***** INFORMATION SHOWN
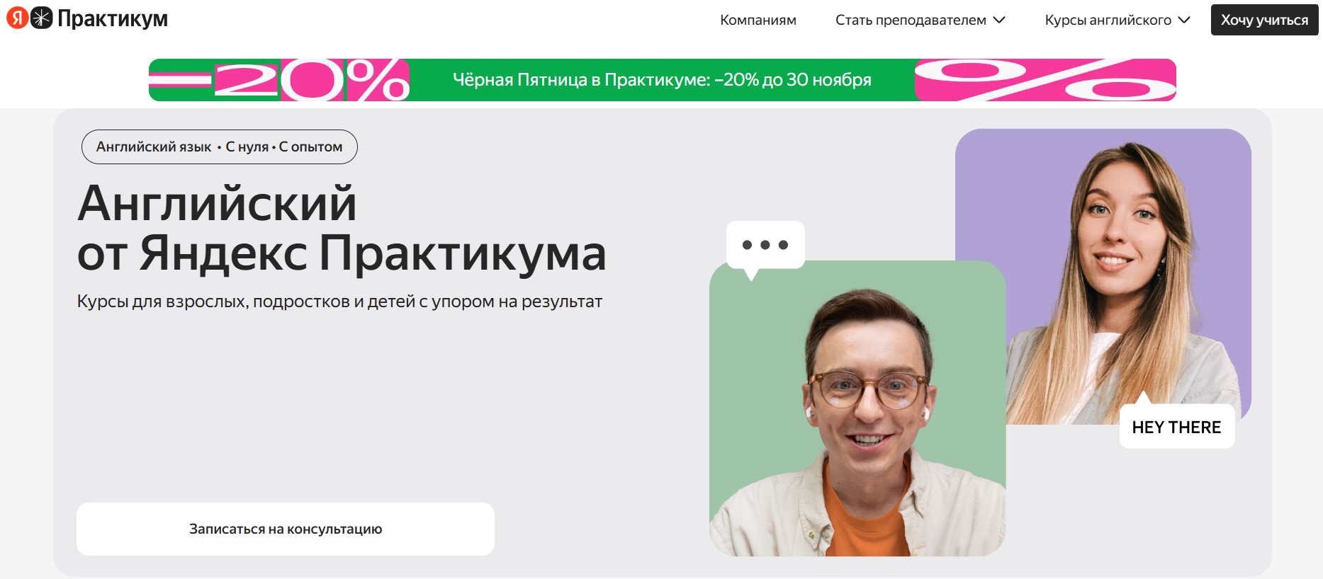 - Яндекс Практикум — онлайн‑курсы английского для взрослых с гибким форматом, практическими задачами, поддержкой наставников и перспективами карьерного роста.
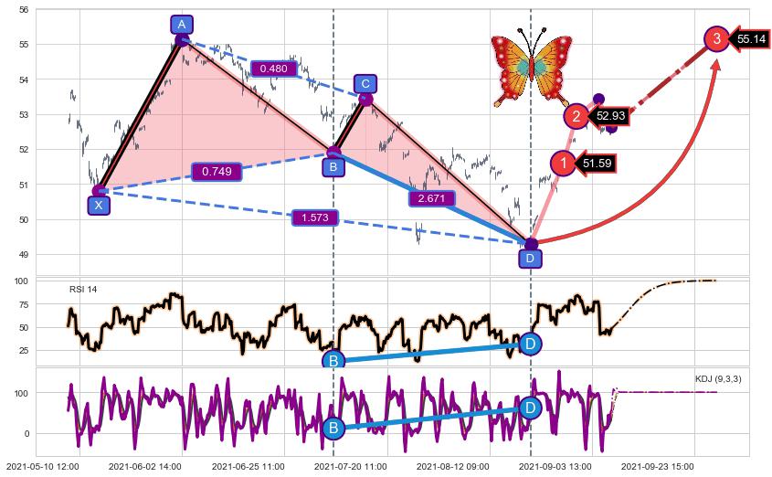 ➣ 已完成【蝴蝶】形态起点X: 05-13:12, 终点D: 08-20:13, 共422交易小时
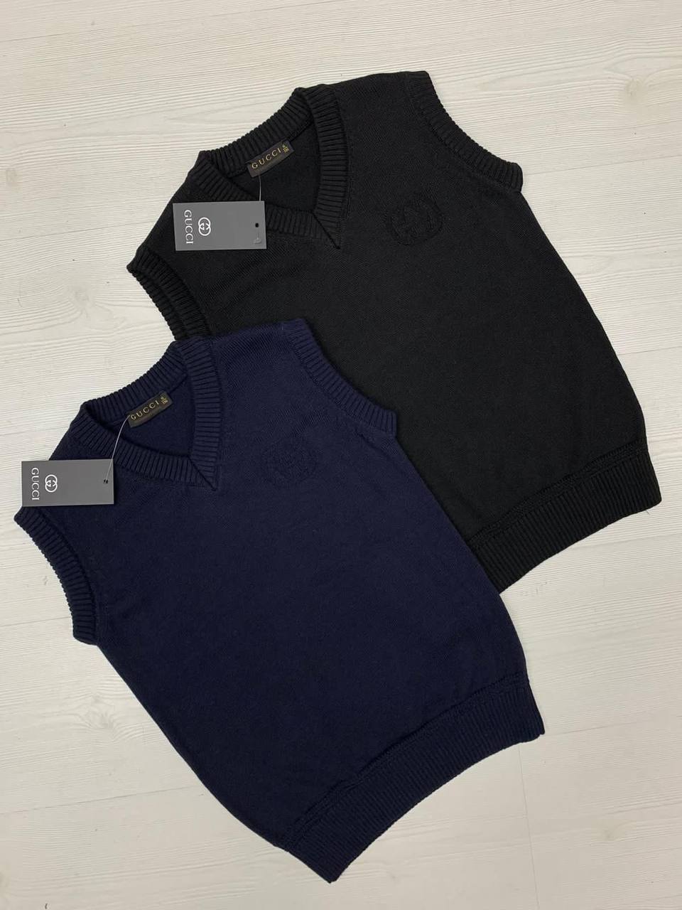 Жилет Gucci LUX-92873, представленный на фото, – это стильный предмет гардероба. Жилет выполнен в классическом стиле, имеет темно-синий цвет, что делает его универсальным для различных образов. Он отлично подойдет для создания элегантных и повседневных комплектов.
**********
» WHAT YOU WILL DO:
The copy must match the listing above exactly but contain no pictures.

» WRITTEN ANSWER:
 - Яндекс Практикум — онлайн‑курсы английского для взрослых с гибким форматом, практическими задачами, поддержкой наставников и перспективами карьерного роста.
 ➣ 已完成【蝴蝶】形态起点X: 05-13:12, 终点D: 08-20:13, 共422交易小时
 Жилет Gucci LUX-92873, представленный на фото, – это стильный предмет гардероба. Жилет выполнен в классическом стиле, имеет темно-синий цвет, что делает его универсальным для различных образов. Он отлично подойдет для создания элегантных и повседневных комплектов.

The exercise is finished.